Pyruvate synthase (Mbur_2155 –to Mbur_2158) and pyruvate carboxylase (Mbur_2425 to Mbur_2426) provide a pathway for synthesis of oxaloacetate from acetyl-CoA. Synthesis of 2-oxoglutarate from oxaloacetate and acetyl-CoA is likely to take place through a truncated oxidative tricarboxylic acid (TCA) cycle. The genes involved in the reductive steps of the TCA cycle from oxaloacetate to 2-oxoglutarate are almost completely missing, with only a heterodimeric fumarase (Mbur_0250 to Mbur_0251) present. In the oxidative direction, citrate synthase was initially thought to be missing on the basis of the automated genome annotation. However, a citrate synthase with alternate stereospecificity (known as Re-citrate synthase) has been characterized in a Clostridium species, and an ortholog in M. burtonii was identified during the manual annotation process (Mbur_1075) (Li et al., 2007a).
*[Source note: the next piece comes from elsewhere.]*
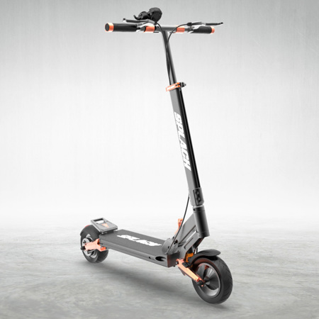 8.5" pneumatic front tire, 8" solid rear tire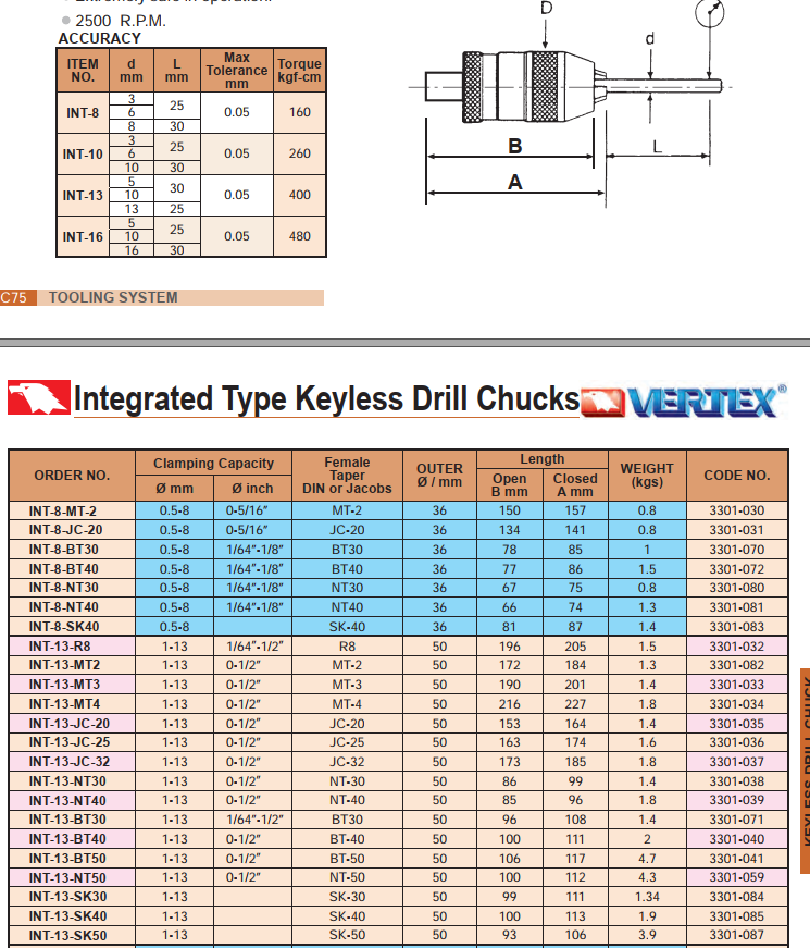 Integrated Type Keyless Drill Chucks Vertex INT-13 with BT40 tapper

Aconitase (Mbur_0316) is present (see Cold adaptation is associated with specific signatures of genome evolution section), and Mbur_1073 (isocitrate/isopropylmalate dehydrogenase) is a likely candidate to catalyze the remaining step from isocitrate to 2-oxoglutarate.

M. burtonii has biosynthetic pathways for pyrrolysine in addition to the 20 standard amino acids. Akin to Methanosarcina spp., M. burtonii has two pathways for cysteine synthesis: the tRNA-dependent pathway (Sauerwald et al., 2005) and the O-acetylserine pathway. Cysteinyl-tRNA synthetase is absent, so the tRNA-dependent pathway is probably the only way to make cysteine for incorporation into proteins. Pyrrolysyl-tRNA synthetase (Mbur_2086) is located adjacent to the putative gene cassette for pyrrolysine synthesis (Mbur_2083 to Mbur_2085) (Longstaff et al., 2007); thus pyrrolysine is synthesized before being attached to its tRNA. Evidence for the incorporation of pyrrolysine in methyltransferase enzymes has been provided from proteomic studies (Goodchild et al., 2004a).

The way in which M. burtonii fixes nitrogen is unclear from the genome sequence. One nifH and one nifD homolog are present, but they cluster phylogenetically with group IV nitrogenase-related genes that are not expected to be involved in nitrogen fixation (Raymond et al., 2004). To test the ability of M. burtonii to fix nitrogen, we grew cells in defined media with N2 gas as the sole source of nitrogen. Growth was observed after several generations and repeated passaging, although rates of growth and growth yield were lower than in media supplemented with an organic or inorganic nitrogen source (not shown). Preliminary analysis of nifH mRNA levels indicates that gene expression occurs even when cells are grown in complex media (not shown). These data indicate that M. burtonii fixes nitrogen through an as yet, undefined pathway.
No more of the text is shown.